§ The input
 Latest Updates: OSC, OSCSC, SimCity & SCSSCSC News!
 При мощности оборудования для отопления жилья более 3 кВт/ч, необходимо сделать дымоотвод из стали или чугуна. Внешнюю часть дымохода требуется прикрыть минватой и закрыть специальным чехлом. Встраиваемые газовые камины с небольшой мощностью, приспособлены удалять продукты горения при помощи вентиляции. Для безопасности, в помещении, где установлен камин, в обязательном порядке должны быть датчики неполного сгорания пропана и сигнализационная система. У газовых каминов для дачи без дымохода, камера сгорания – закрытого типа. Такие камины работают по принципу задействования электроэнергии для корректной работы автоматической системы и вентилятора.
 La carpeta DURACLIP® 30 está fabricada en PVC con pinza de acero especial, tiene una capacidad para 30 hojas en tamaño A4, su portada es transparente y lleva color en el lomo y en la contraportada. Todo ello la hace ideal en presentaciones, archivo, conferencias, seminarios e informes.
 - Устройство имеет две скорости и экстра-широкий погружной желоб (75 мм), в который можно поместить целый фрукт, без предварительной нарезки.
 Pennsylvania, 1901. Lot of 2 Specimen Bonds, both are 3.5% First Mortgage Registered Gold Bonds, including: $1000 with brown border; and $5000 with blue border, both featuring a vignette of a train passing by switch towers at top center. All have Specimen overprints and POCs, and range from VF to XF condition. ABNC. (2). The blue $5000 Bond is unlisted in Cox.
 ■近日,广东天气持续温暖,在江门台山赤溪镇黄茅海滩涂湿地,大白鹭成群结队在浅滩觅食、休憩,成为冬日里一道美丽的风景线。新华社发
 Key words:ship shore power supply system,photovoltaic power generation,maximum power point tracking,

==

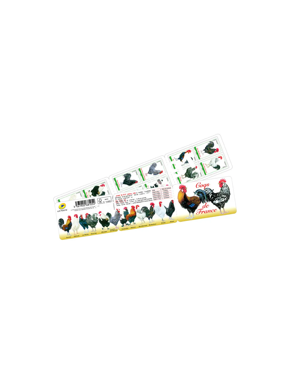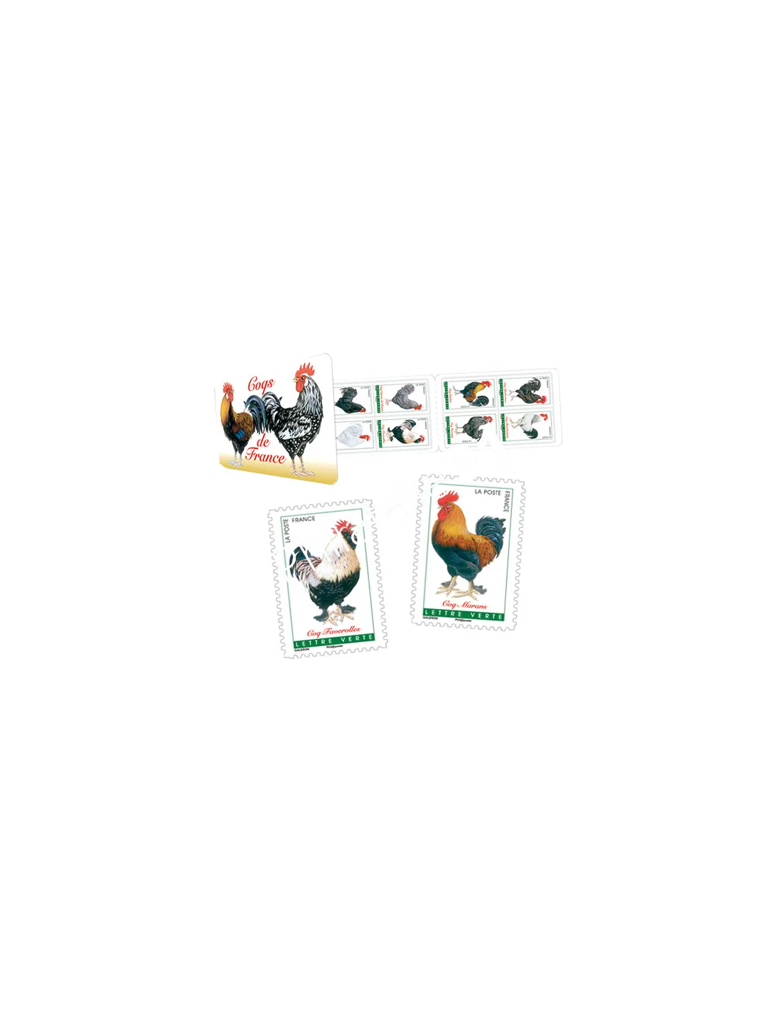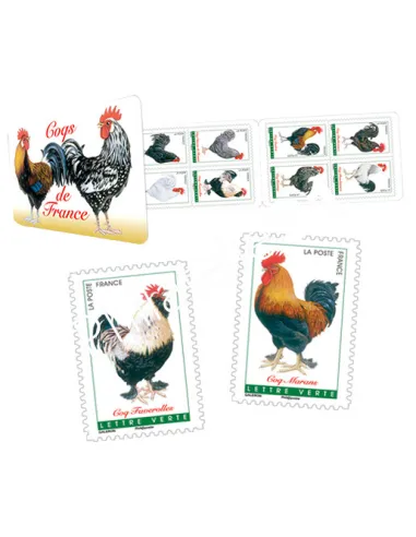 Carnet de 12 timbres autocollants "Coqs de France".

§ Exercise aim
Wherever the line holding "Pennsylvania, 1901. Lot" falls in the entries above, copy exactly from it through the line holding "Key words:ship shore", inclusive, and add nothing.

§ Expected answer
 Pennsylvania, 1901. Lot of 2 Specimen Bonds, both are 3.5% First Mortgage Registered Gold Bonds, including: $1000 with brown border; and $5000 with blue border, both featuring a vignette of a train passing by switch towers at top center. All have Specimen overprints and POCs, and range from VF to XF condition. ABNC. (2). The blue $5000 Bond is unlisted in Cox.
 ■近日,广东天气持续温暖,在江门台山赤溪镇黄茅海滩涂湿地,大白鹭成群结队在浅滩觅食、休憩,成为冬日里一道美丽的风景线。新华社发
 Key words:ship shore power supply system,photovoltaic power generation,maximum power point tracking,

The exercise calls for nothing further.